Appendix A: A calculation of \(Q_{i}Q_{i}^{t}\)

We calculate \(Q_{i}Q_{i}^{t}\), \(i=1,2\), as follows. First we show that

$$\begin{aligned} U^{+}U^{*}=\upsilon ^{\otimes 2n}, \end{aligned}$$
(A1)

where \(U^{*}\) is a complex conjugate of U. Equation (A1) holds from \(T^{+}T^{*}=\upsilon \otimes \upsilon \) and \(U^{+}U^{*}=T^{+}T^{*}\otimes \cdots \otimes T^{+}T^{*}\), where \(\upsilon =\left( \begin{array}{cc} 0 &{} 1 \\ -1 &{} 0 \end{array} \right) \). Then, a calculation yields

$$\begin{aligned} Q_{1}Q_{1}^{t}=U\Delta _{1}U^{+}U^{*}\Delta _{1}^{t}U^{t}. \end{aligned}$$
(A2)

Via Eq. (A1),

$$\begin{aligned} Q_{1}Q_{1}^{t}=U\Delta _{1}\upsilon ^{\otimes 2n}\Delta _{1}^{t}U^{t}. \end{aligned}$$
(A3)

Using the definitions for U and \(\Delta _{1}\), a straightforward calculation derives

$$\begin{aligned} Q_{1}Q_{1}^{t}= & {} T^{\otimes n}(\otimes _{i=1}^{2n}\mathcal {A} _{q_{i}})\upsilon ^{\otimes 2n}(\otimes _{i=1}^{2n}\mathcal {A} _{q_{i}}^{t})(T^{t})^{\otimes n} \nonumber \\= & {} [T(\mathcal {A}_{q_{1}}\otimes \mathcal {A}_{q_{2}})\upsilon ^{\otimes 2}( \mathcal {A}_{q_{1}}^{t}\otimes \mathcal {A}_{q_{2}}^{t})T^{t}]\otimes \cdots \otimes \nonumber \\&[T(A_{q_{2n-1}}\otimes A_{q_{2n}})\upsilon ^{\otimes 2}(A_{q_{2n-1}}^{t}\otimes A_{q_{2n}}^{t})T^{t}]. \end{aligned}$$
(A4)

Next, we reduce Eq. (A4).
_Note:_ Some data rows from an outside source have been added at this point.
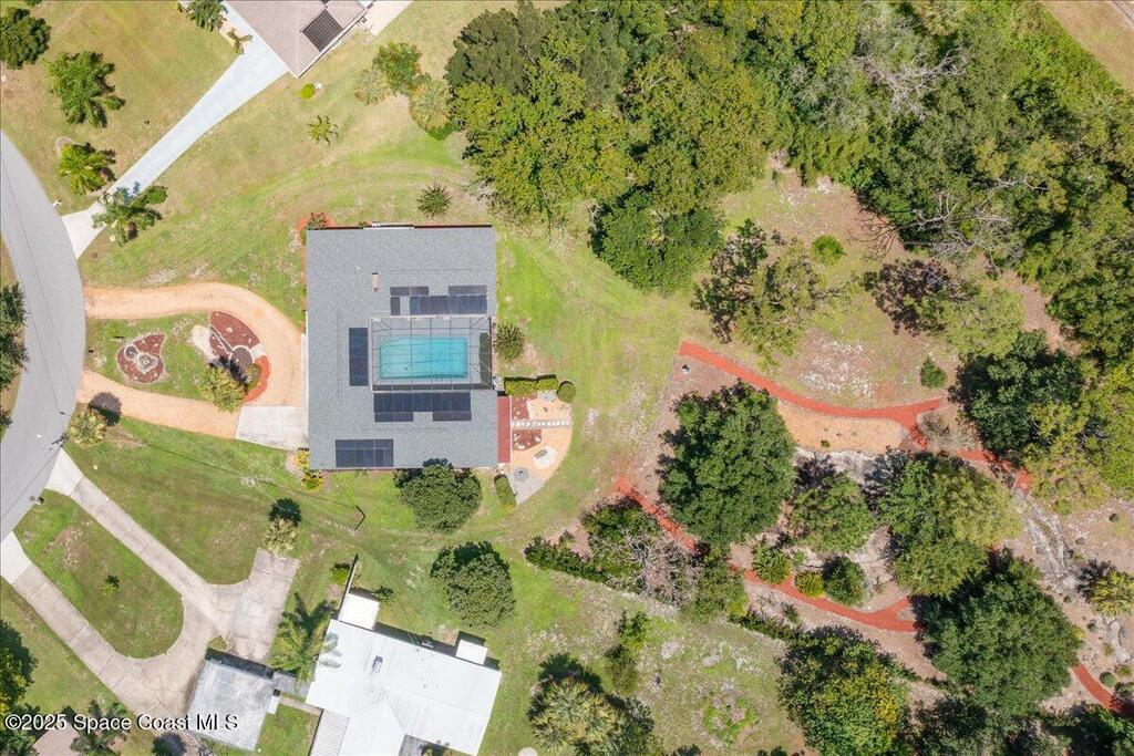 Move-in ready 4+BR/3BA pool home w/bonus room & private guest suite offers versatile space, unique character & a peaceful backyard. Main house opens to bright living & dining rooms accented by a dual-sided fireplace that connects a separate family room. Kitchen includes serving counter that overlooks the family room - ideal for casual living or entertaining. 2 spare bedrooms share full bath w/step-in shower, while owner's suite offers pool views & bath w/linen storage, stand-alone sink & tub/shower combo. Oversized garage provides direct access to spacious laundry room, which connects to bonus room & guest suite. A true highlight, the guest suite includes private bath, kitchenette, back porch seating & pool access - perfect for visitors or multi-gen living. Out back, enjoy a deep, nature-inspired yard w/walking paths, seating areas, a charming bridge & hidden shed. Another bonus New ROOF 2024, entire home solar system.
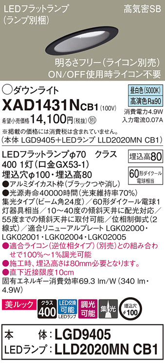 Panasonic ¥À¥¦¥ó¥é¥¤¥È XAD1431NCB1
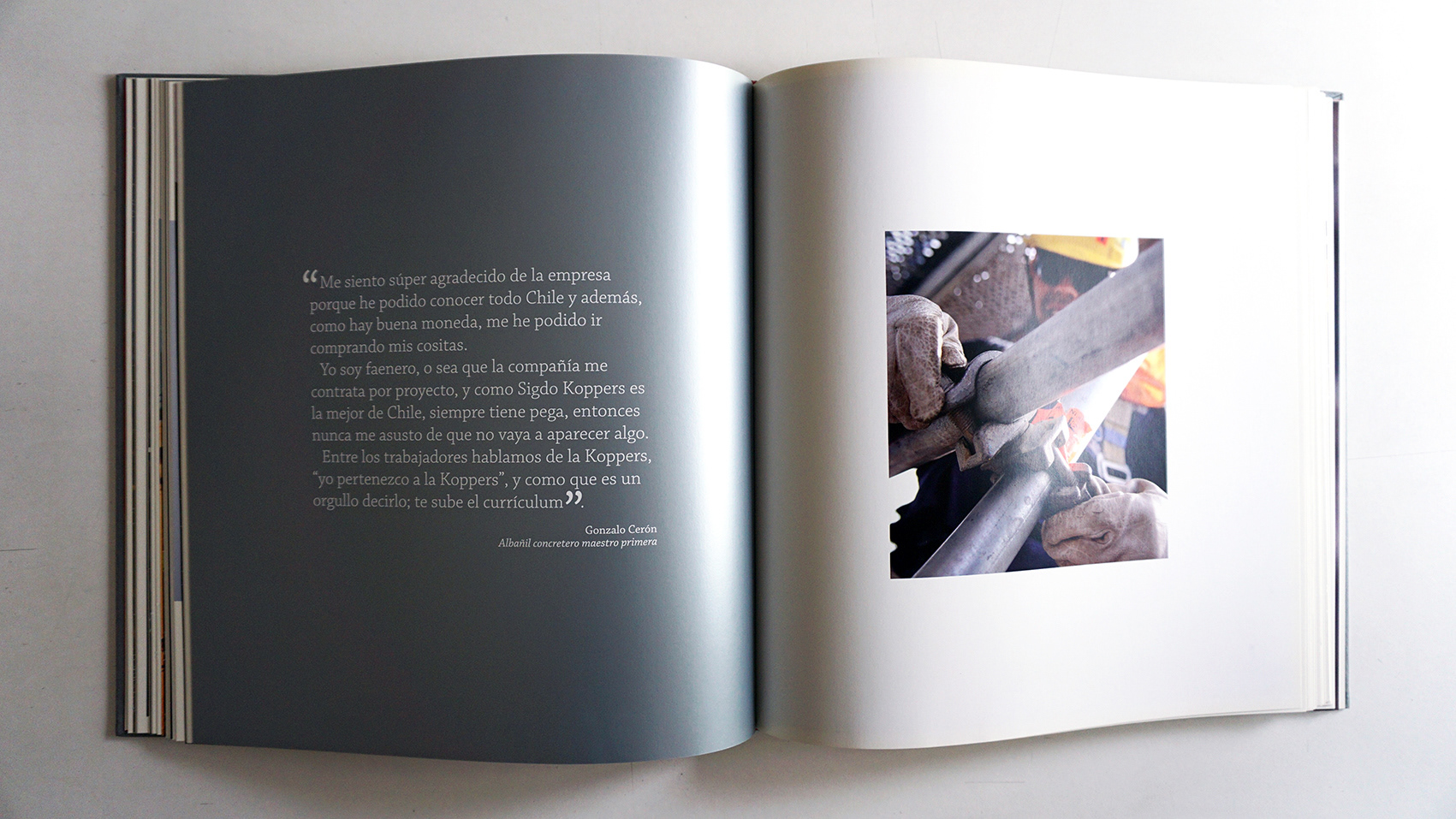 Diseño y diagramación del libro 50 años Sigdo Koppers, Ingeniería y Construcción. Cliente: SigdoKoppers Ingeniería y Construcción Trabajo realizado Draft Diseño (www.draft.cl)
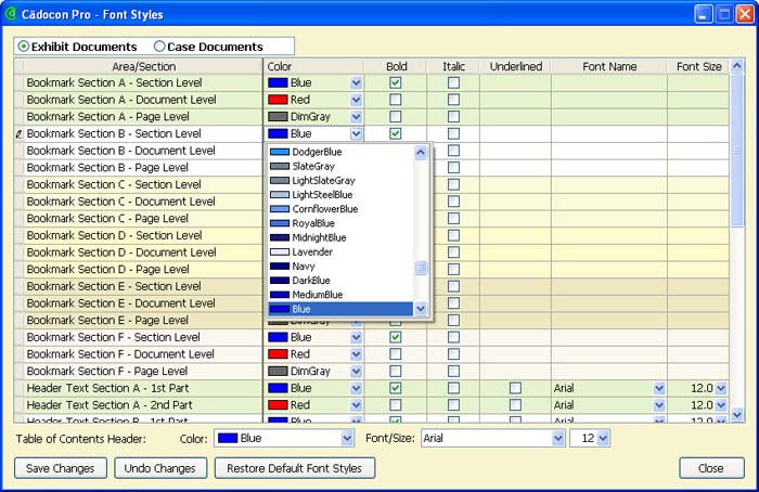 you can specify font colors and font size/style settings for every aspect of the generated PDF: bookmarks, table of contents and the page header text. Font styles and colors can even be different from section to section.
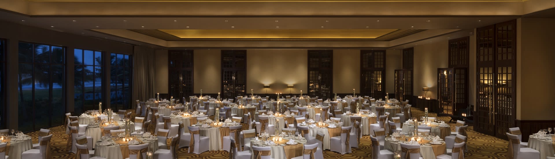 内饰穹顶天花板配中性色调,外饰印度洋和泻湖全景,本宴会厅拥有诱人的自然背景,是举办传统仪式、正式宴会或鸡尾酒招待会的最佳选址。
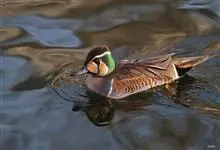 绿翅鸭是小型鸭类,体长37厘米,体重约0.5千克。嘴脚均为黑色。雄鸟头至颈部深栗色,头顶两侧从眼开始有一条宽阔的绿色带斑一直延伸至颈侧,尾下覆羽黑色,两侧各有一黄色三角形斑,在水中游泳时,极为醒目。…全部>>
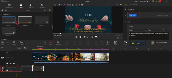Accesați Titles și alegeți un stil de subtitrare, un stil de titlu de credit sau un stil de titlu. Trageți-l pe Subtitle Track sau Overlay Track.
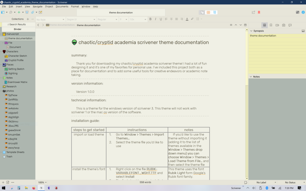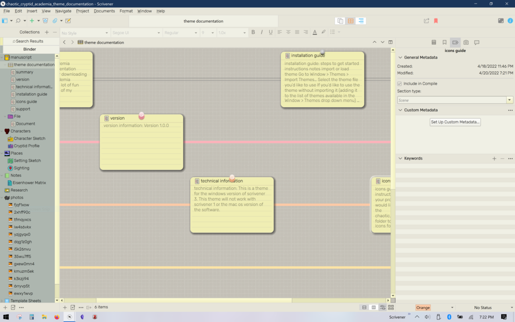 A quirky Windows Scrivener theme for when you're writing chaotic academia inspired works, or you're conducting an iNvEsTiGaTiOn! Writing is hard and making scrivener themes on Windows is also hard, but sometimes having everything in your workspace aesthetic can help get the creativity flowing. I hope the time I've spent perfecting this scrivener theme can help you write great stories, making note-taking a little more interesting, or just bring a smile to your face while you get some creative work done.
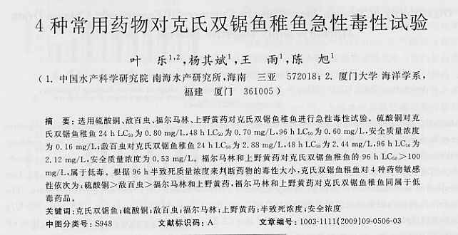 4種常用藥物對(duì)克氏雙鋸魚(yú)稚魚(yú)急性毒性試驗(yàn)
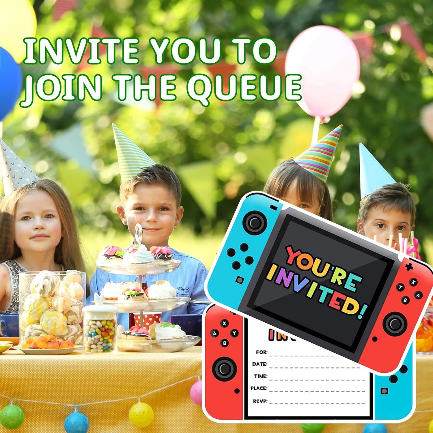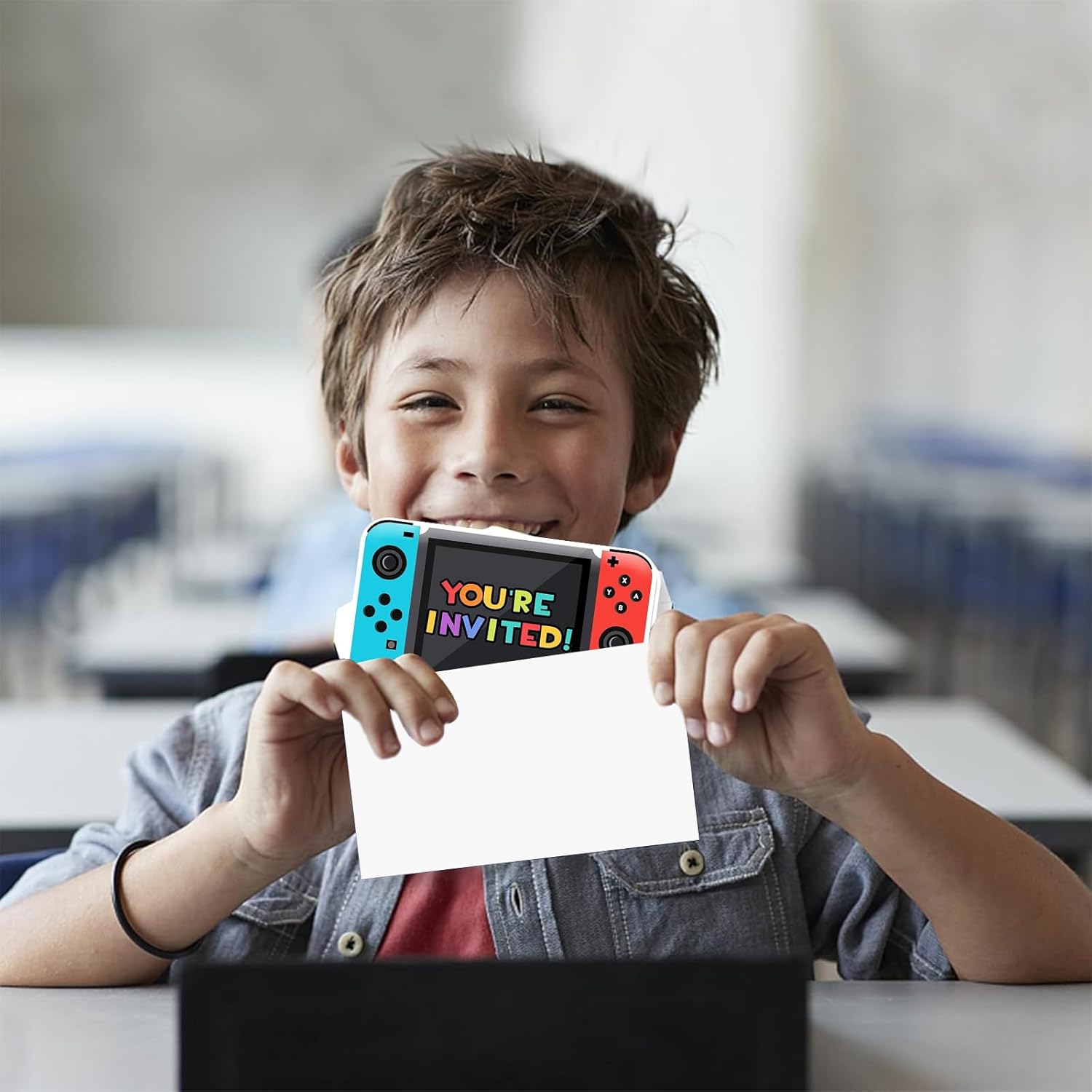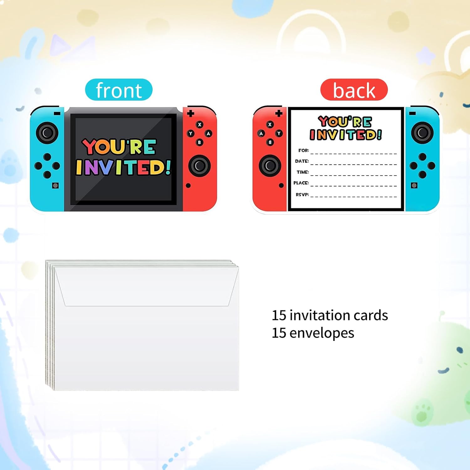 Biglietti d'invito: biglietti d'invito per giochi 8,5*15 cm e hanno una busta corrispondente in cui è possibile inserire la carta. Riceverai quindi 15 buste con 15 biglietti d'invito. Vera qualità: i biglietti d'invito per videogiochi sono realizzati con carta di alta qualità, robusta e durevole, stampa chiara e bell'aspetto, le persone che ricevono il biglietto d'invito saranno molto felicemente sorprese. Design della console di gioco: il design dei nostri biglietti d'invito è ispirato alle console di gioco e delizierà ogni appassionato di giochi. Un ottimo momento clou per la tua festa di gioco! Uso versatile: feste di compleanno, festa dei bambini, feste di videogiochi, per ragazzi o ragazze, bambini e adolescenti, invita la tua famiglia e i tuoi amici alla festa. Servizio clienti: il nostro team di assistenza clienti dedicato è disponibile per assisterti in caso di domande o dubbi. Rendi indimenticabile la tua festa di gioco con i nostri biglietti d'invito!
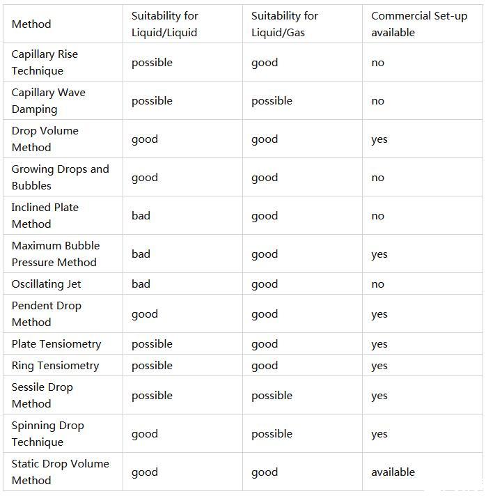 為了克服這個問題,Joos提出了一個理論,將動態(tài)方法的數(shù)據(jù)減少到所謂的界面有效壽命,相當于靜態(tài)界面達到吸附狀態(tài)所需的時間。這樣就可以直接比較所有實驗技術(shù)的測量結(jié)果。每種方法都有優(yōu)點和缺點。

It is easy to test

$$\begin{aligned} \mathcal {A}_{i}\upsilon \mathcal {A}_{i}^{t}=(\det \mathcal {A}_{i})\upsilon \end{aligned}$$
(A5)

and

$$\begin{aligned}&(\mathcal {A}_{i}\otimes \mathcal {A}_{j})\upsilon ^{\otimes 2}(\mathcal {A} _{i}^{t}\otimes \mathcal {A}_{j}^{t}) \nonumber \\&\quad =\mathcal {A}_{i}\upsilon \mathcal {A}_{i}^{t}\otimes \mathcal {A} _{j}\upsilon \mathcal {A}_{j}^{t} \end{aligned}$$
(A6)
$$\begin{aligned}&\quad =(\det \mathcal {A}_{i})\upsilon \otimes (\det \mathcal {A}_{j})\upsilon \end{aligned}$$
(A7)
$$\begin{aligned}&\quad =(\det \mathcal {A}_{i})(\det \mathcal {A}_{j})\upsilon ^{\otimes 2}. \end{aligned}$$
(A8)

Thus, via Eqs. (A8), (A4) reduces to

$$\begin{aligned}&Q_{1}Q_{1}^{t} \nonumber \\&\quad =[T(\det \mathcal {A}_{q_{1}}\det \mathcal {A}_{q_{2}})\upsilon ^{\otimes 2}T^{t}]\otimes \cdots \end{aligned}$$
(A9)
$$\begin{aligned}&\qquad \otimes [T(\det A_{q_{2n-1}}\det A_{q_{2n}})\upsilon ^{\otimes 2}T^{t}] \nonumber \\&\quad =[(\det \mathcal {A}_{q_{1}}\det \mathcal {A}_{q_{2}})T\upsilon ^{\otimes 2}T^{t}]\otimes \cdots \end{aligned}$$
(A10)
$$\begin{aligned}&\qquad \otimes [(\det A_{q_{2n-1}}\det A_{q_{2n}})T\upsilon ^{\otimes 2}T^{t}] \nonumber \\&\quad =(\Pi _{i=1}^{2n}\det A_{q_{i}})(T\upsilon ^{\otimes 2}T^{t}\otimes \cdots \otimes T\upsilon ^{\otimes 2}T^{t}). \end{aligned}$$
(A11)

One can check that

$$\begin{aligned} T\upsilon ^{\otimes 2}T^{t}=I_{4}. \end{aligned}$$
(A12)

Thus, from Eqs. (A11, A12), we obtain

$$\begin{aligned} Q_{1}Q_{1}^{t}=(\Pi _{i=1}^{2n}\det A_{q_{i}})I_{2^{2n}}. \end{aligned}$$
(A13)

A calculation also yields

$$\begin{aligned} Q_{1}Q_{1}^{t}=Q_{1}^{t}Q_{1}. \end{aligned}$$
(A14)

Similarly,

$$\begin{aligned} Q_{2}Q_{2}^{t}=Q_{2}^{t}Q_{2}=(\Pi _{i=1}^{2n}\det A_{q_{2n+i}})I_{2^{2n}}. \end{aligned}$$
(A15)

Appendix B: Proportional relations

Let

$$\begin{aligned} M_{2n}= & {} \left( \begin{array}{cc} 0 &{} m \\ m^{t} &{} 0 \end{array} \right) , \end{aligned}$$
(B1)
$$\begin{aligned} D_{2n}= & {} \left( \begin{array}{cc} 0 &{} hm \\ gm^{t} &{} 0 \end{array} \right) , \end{aligned}$$
(B2)

where m is an n by n matrix and g and h are nonzero complex numbers.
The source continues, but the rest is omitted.